Problem statement: When copying the records below, keep every word as it is and drop the images.

Dataset items:
———

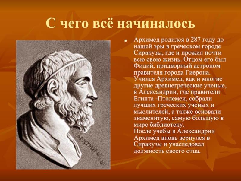 в греческом городе Сиракузы, где и прожил почти всю свою жизнь. Отцом его был Фидий, придворный астроном правителя города Гиерона. Учился Архимед, как и многие другие древнегреческие ученые, в Александрии, где правители Египта -Птолемеи, собрали лучших греческих ученых и мыслителей, а также основали знаменитую, самую большую в мире библиотеку.
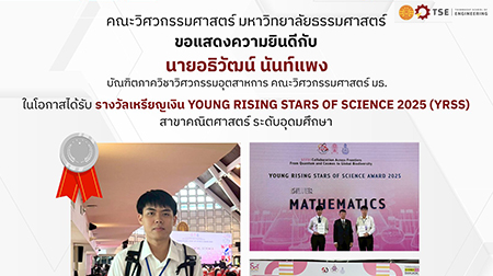 คณะวิศวกรรมศาสตร์ มธ. ในโอกาสได้รับ รางวัลเหรียญเงิน YOUNG RISING STARS OF SCIENCE 2025 (YRSS) สาขาคณิตศาสตร์ ระดับอุดมศึกษา
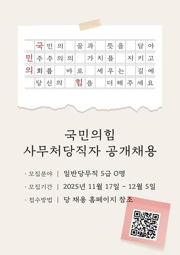 국민의힘, 신입 사무처 당직자 공개채용…12월 5일까지 접수
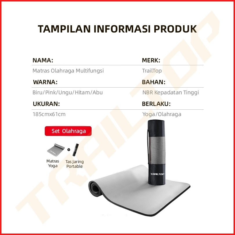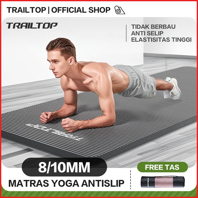 Trailtop Matras Olahraga Tebal 8 10mm Yoga Mat Nbr Matras Yoga Anti Slip 2 Sisi Alat Olahraga Di Rumah
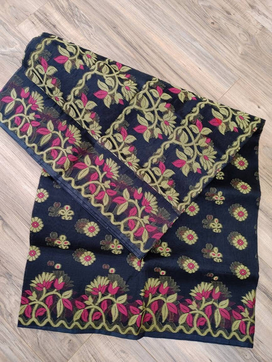 Tangail Tantuja Semi Muslin-Cotton Saree, Beautiful Black with Magenta-Golden Thread Work, Handwoven,Classy, Made in Tangail,Bangladesh
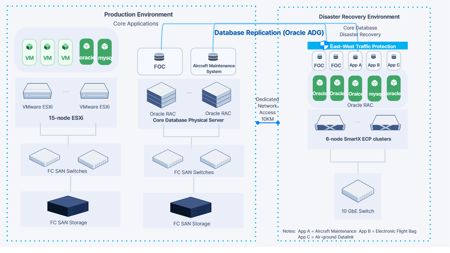 A regional airline originally relied on a “VMware virtualization + FC SAN storage” architecture to support most of its business systems, while core databases for systems such as FOC (Flight Operations Control) and aircraft maintenance were deployed on physical servers as Oracle RAC.
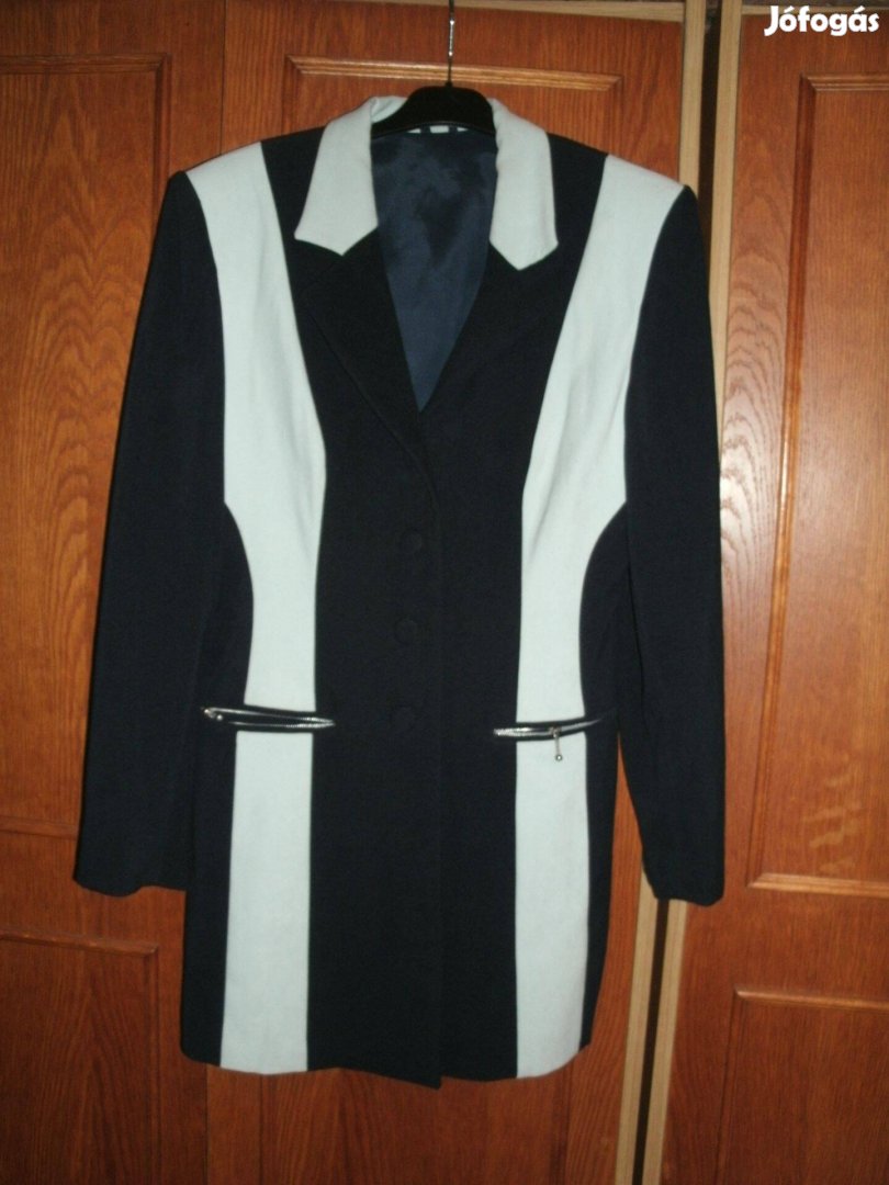 Elegáns, sötétkék, fehér betéttel "L" zakó, blézer

———

Answer for the task:
 в греческом городе Сиракузы, где и прожил почти всю свою жизнь. Отцом его был Фидий, придворный астроном правителя города Гиерона. Учился Архимед, как и многие другие древнегреческие ученые, в Александрии, где правители Египта -Птолемеи, собрали лучших греческих ученых и мыслителей, а также основали знаменитую, самую большую в мире библиотеку.
 คณะวิศวกรรมศาสตร์ มธ. ในโอกาสได้รับ รางวัลเหรียญเงิน YOUNG RISING STARS OF SCIENCE 2025 (YRSS) สาขาคณิตศาสตร์ ระดับอุดมศึกษา
 국민의힘, 신입 사무처 당직자 공개채용…12월 5일까지 접수
 Trailtop Matras Olahraga Tebal 8 10mm Yoga Mat Nbr Matras Yoga Anti Slip 2 Sisi Alat Olahraga Di Rumah
 Tangail Tantuja Semi Muslin-Cotton Saree, Beautiful Black with Magenta-Golden Thread Work, Handwoven,Classy, Made in Tangail,Bangladesh
 A regional airline originally relied on a “VMware virtualization + FC SAN storage” architecture to support most of its business systems, while core databases for systems such as FOC (Flight Operations Control) and aircraft maintenance were deployed on physical servers as Oracle RAC.
 Elegáns, sötétkék, fehér betéttel "L" zakó, blézer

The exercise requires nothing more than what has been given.